Magic Monday: Routine Maintenance

“Magic Monday” posts help you start the week off right. Monday is a great day to review and regroup; if you set your time to startmind to it, you can make this your best week yet. Thank gosh it’s Monday!

“Be regular and orderly in your life, so that you may be violent and original in your work.” -Gustav Flaubert

Who has two thumbs and is so not a morning person? That would be me. I am even worse in the wintertime; I think one of my parents must have been a grizzly bear. Most people, however, think that I am generally pretty well put together and pretty “with it” at work. Routines are the secret to my success, both in development and in life.

There was a time when I thought routines would mess with my creativity. Artistic, imaginative people don’t need routines, I told myself. Routines are for stuffy corporate types with nannies and personal assistants. I am super, and amazing, and should have no problem being über competent. Then, surprise surprise, real life happened. Let’s just say I’ve seen the light and hope to never stray again.

I would assert that the first and most important routine you can put in place is an evening routine, and I’m not just saying that because I’m a night owl. Though it sounds counter-intuitive, a good evening routine helps take the pressure off your mornings, so that you can arrive at work on time, relaxed, and ready to be a superhero for your organization.

But Kylie, you say, I don’t have time. Well, you do. Factor in the time you will save in the morning. Turn off the TV a little earlier at night (chances are it’s overstimulating you anyway). Your routine doesn’t have to be two hours of scheduled activity. The nice thing about a routine is that, once it becomes ingrained, you hardly notice you’re doing it and can accomplish it in no time.

The best evening routines have in common some (but not too many, I promise) key components:

  1. Eating. A healthy, relaxed mealtime is a great way to unwind from a crazy day at work, and of course, eating is important, and one of my favorite things to do to boot.
  2. Tidy time. Studies have shown that our brain is less stressed when it is in a tidy, or at least organized, environment. And who wants to wake up to a messy house on top of everything else that mornings throw at us?
  3. Scrub-a-dub. Your normal before-bed hygiene should be in there somewhere. (This is not a commentary. I trust you.)
  4. Comfy clothes. Getting out of workaday clothes and into home clothes goes a long way toward making the evening better.
  5. Relaxation. Unwinding in some way, doing something you enjoy.
  6. Ample sleep. Don’t give your shut-eye short shrift. Allow yourself enough time for 7-9 hours each night, or your productivity will suffer.

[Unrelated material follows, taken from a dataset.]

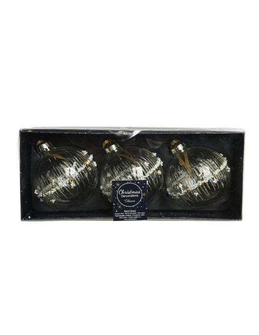 Vyprodáno3 průhledné skleněné vánoční koule se zlatými třpytkami 8 cm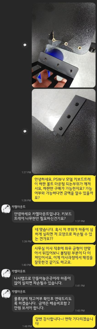 네이버에서 구매했던게 기억나서 네이버 카멜마운트 판매 페이지 (네이버 톡?) 뭐 이런 곳에 문의 를 남겼고,

So how do you go about starting your own routine?

First, if your mornings are typically harried and harassed, sit down and think about what makes them that way. Do you wake up late? Can’t find clean clothes to wear? Have to cob together a lunch from an empty cupboard? Getting ready in the morning takes too long? Or maybe the minutiae of the morning just takes longer than it should: coffee (or not), breakfast (or not), or maybe you have children (enough said about that!). How many of these things can you shift to your evening? I would bet quite a few of them. Write these down.

Then write down the things that you have to do already. The basic goals of a bedtime routine are threefold: wrapping up today, getting ready for tomorrow, and getting ready for bed. What do you already do in the evenings? Write these down.

Finally, combine your two lists and put them in some sort of order that makes sense to you. Yep, it’s that easy.

I know, overachievers, you want to add more to this basic framework. WAIT. Focus on this basic routine, and only this one, until it becomes a habit. Habits take 21 days to form. I like to do new ones for a month just to make sure they are firmly entrenched. Mark it on your calendar. Give yourself gold stars or little rewards if you stick to it.

Tips:

  • After you’ve lived with your routine for a while, you can add one or two things that you would like to do. Meditation? Add it. Personal projects (not too stimulating, please). Add it. You can add anything that will help you get to a better you, but please do it slowly and in moderation. You’ll be a rock star soon.
  • Try to keep bedtimes and awake times consistent. Not only with this help your sanity, it will also make it easier to get up in the morning. Before long, it will just feel natural to get up at that time. (Click here for an article on how to become an early riser.)
  • Obviously, certain days have certain issues (paying bills, garbage night, social activities, regular meetings and appointments, etc.). Make a separate, abbreviated routine for these days, or delegate parts of your routines to others (if applicable) on those days.
  • Automate tasks that aren’t priorities. If breakfast isn’t a big deal for you, and you don’t mind having the same cereal every day, maybe you could set it out the night before to save yourself a few minutes in the morning.
  • Keep tweaking! Evaluating your routines is what keeps them fresh and helpful. The first time you do your new routine, time yourself, and adjust if you need to. Be your own efficiency expert. If it isn’t working, fix it.

My Routine

Here is my own routine, by way of example. You can borrow from mine, and customize it as needed, or start from scratch. Keep in mind that I’ve lived with mine for a bit already, so feel free to make yours a little more basic to start.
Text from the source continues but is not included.